▶ Records for the task:

=== Begin Enclosure ===

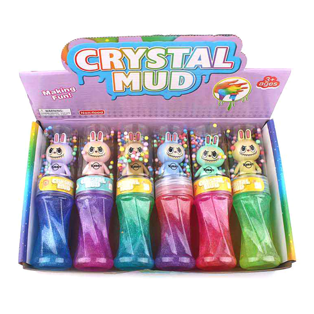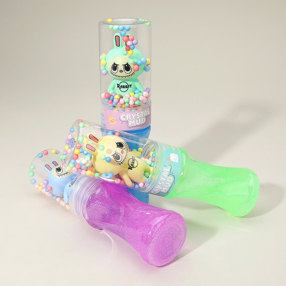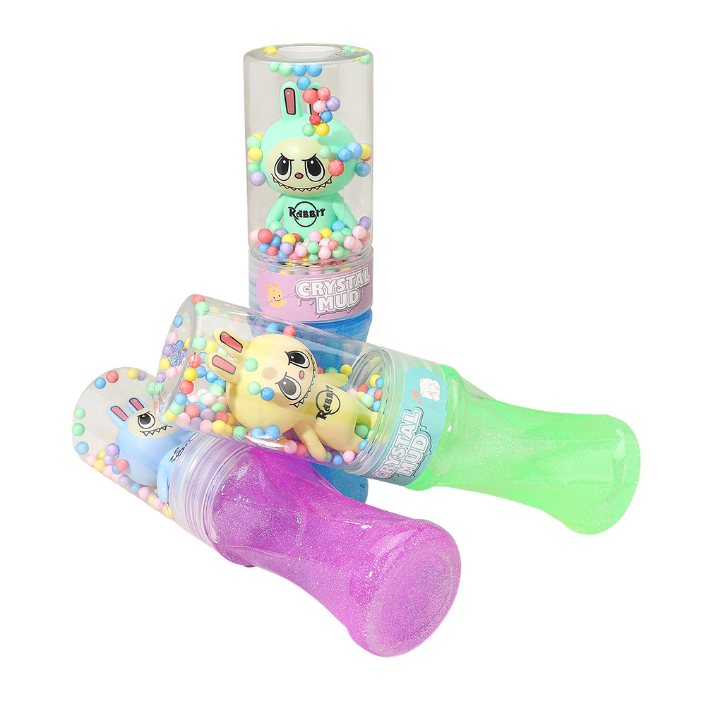 • Crystal mud slime toy set featuring cute bunny character containers filled with glitter slime and foam beads. Stretchy, soft, and fun to squish, perfect for sensory play, party favors, or stress relief. A playful and colorful way for kids to enjoy creative hands-on entertainment.
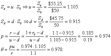 или опуститься до $45.75. Найти цену опциона в рамках многошаговой модели.
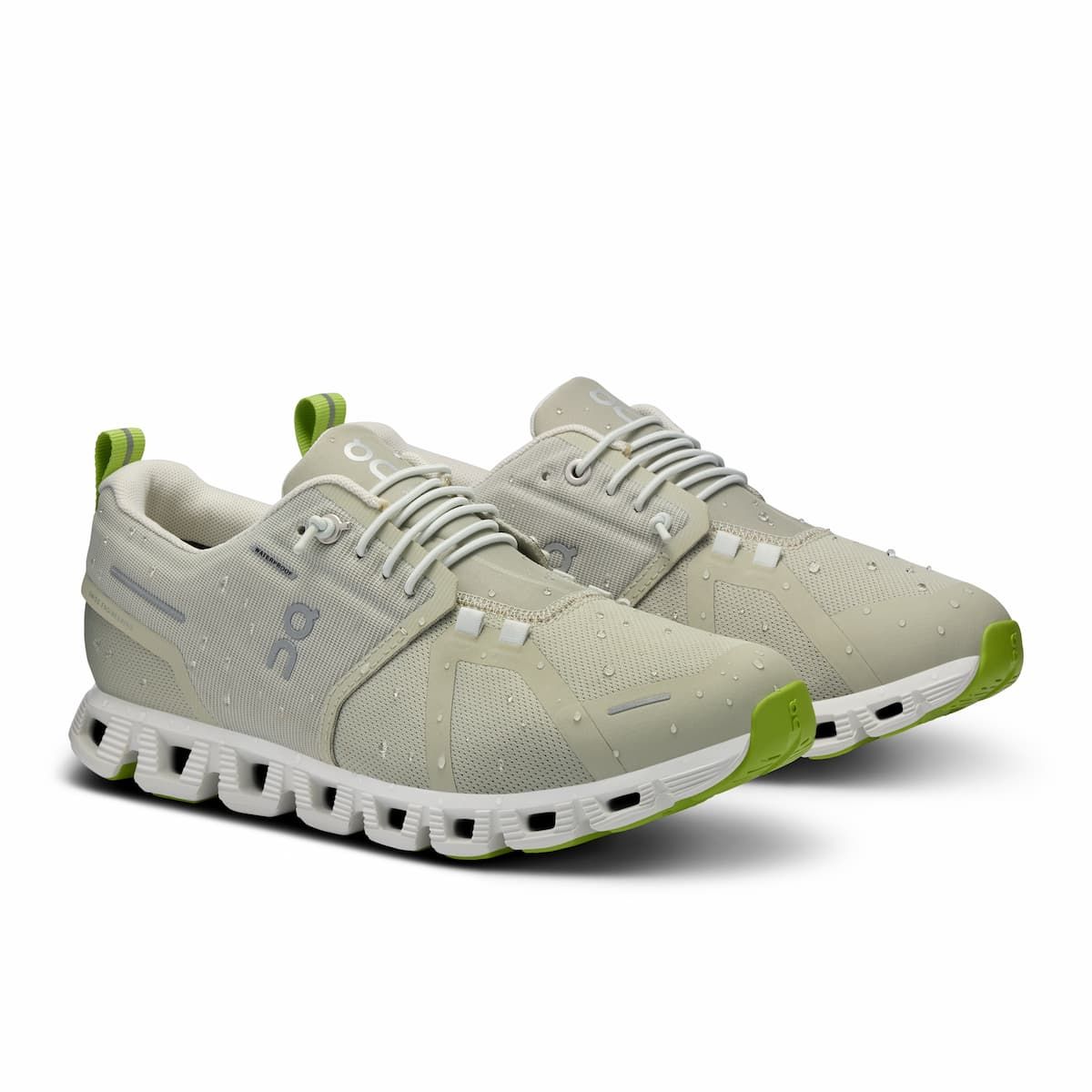 Zapatillas On Running Cloud 5 Waterproof en color verde y blanco para mujer | Chalk - Ice
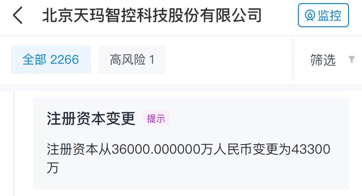 8月23日,北京天玛智控科技股份有限公司(以下简称“天玛智控”)注册资本发生变更,从3.6亿元增加至4.33亿元,增幅20.28%。
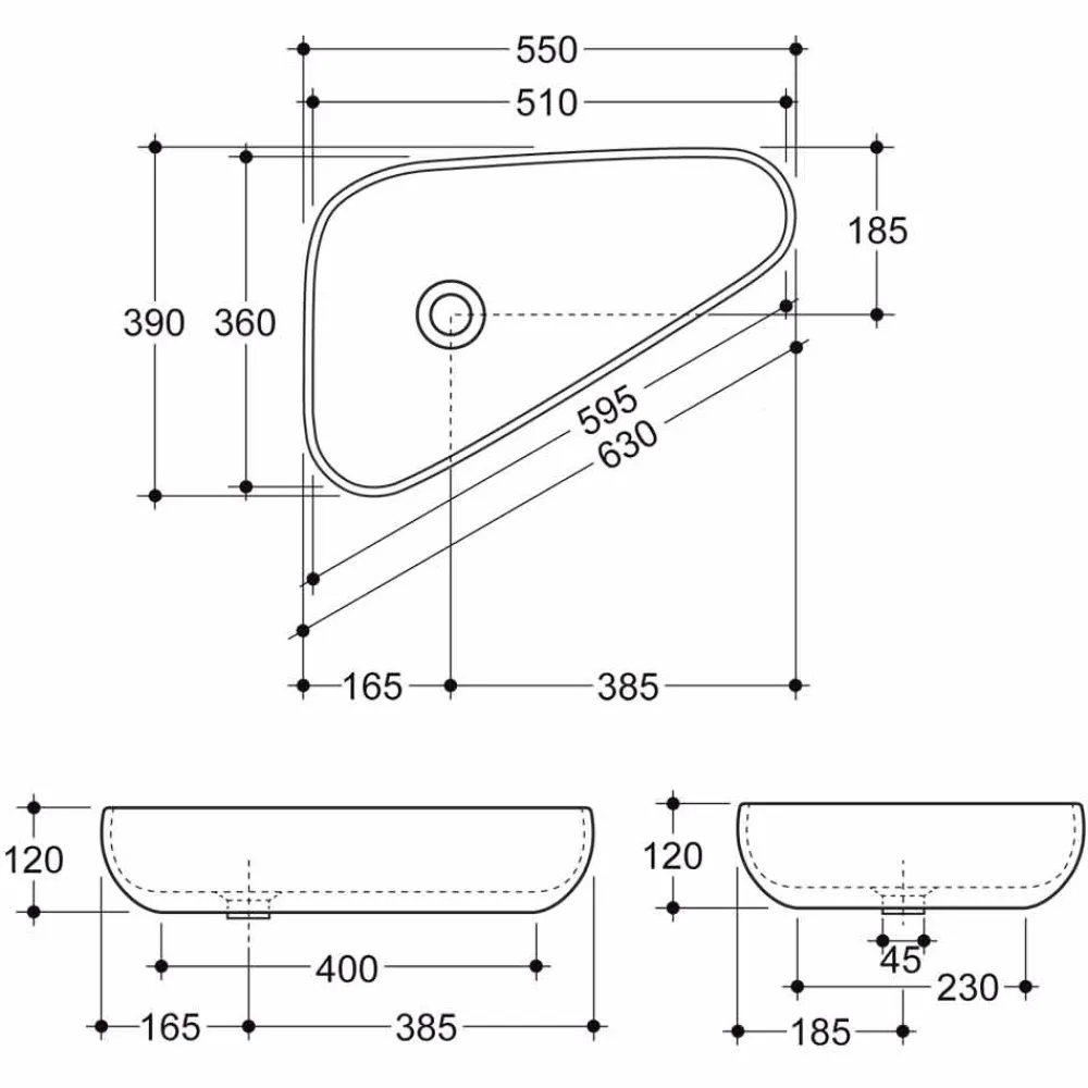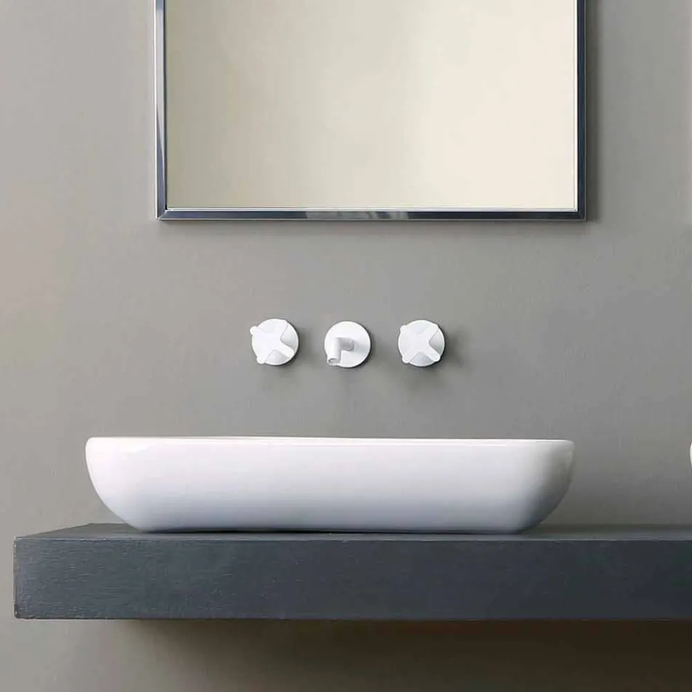 Waschbecken in modernem Design mit geometrischer Form, inspiriert von der Perfektion des Dreiecks.
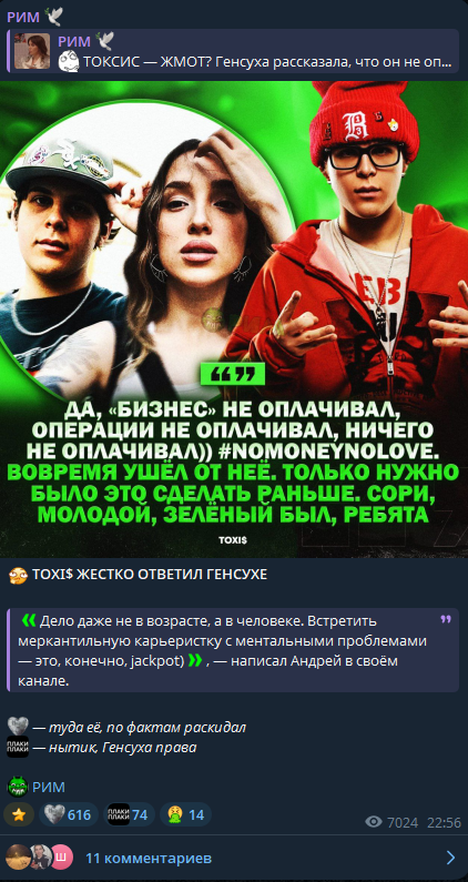 В ответ на это Токсис назвал Генсуху "меркантильной карьеристкой с ментальными проблемами":

=== End Enclosure ===

▶ What you have to do: Copy exactly the lines from the line that has "или опуститься до" through the last line of the entries above, inclusive, and no others. Pictures do not go in the copy.

▶ Exercise solution:
 или опуститься до $45.75. Найти цену опциона в рамках многошаговой модели.
 Zapatillas On Running Cloud 5 Waterproof en color verde y blanco para mujer | Chalk - Ice
 8月23日,北京天玛智控科技股份有限公司(以下简称“天玛智控”)注册资本发生变更,从3.6亿元增加至4.33亿元,增幅20.28%。
 Waschbecken in modernem Design mit geometrischer Form, inspiriert von der Perfektion des Dreiecks.
 В ответ на это Токсис назвал Генсуху "меркантильной карьеристкой с ментальными проблемами":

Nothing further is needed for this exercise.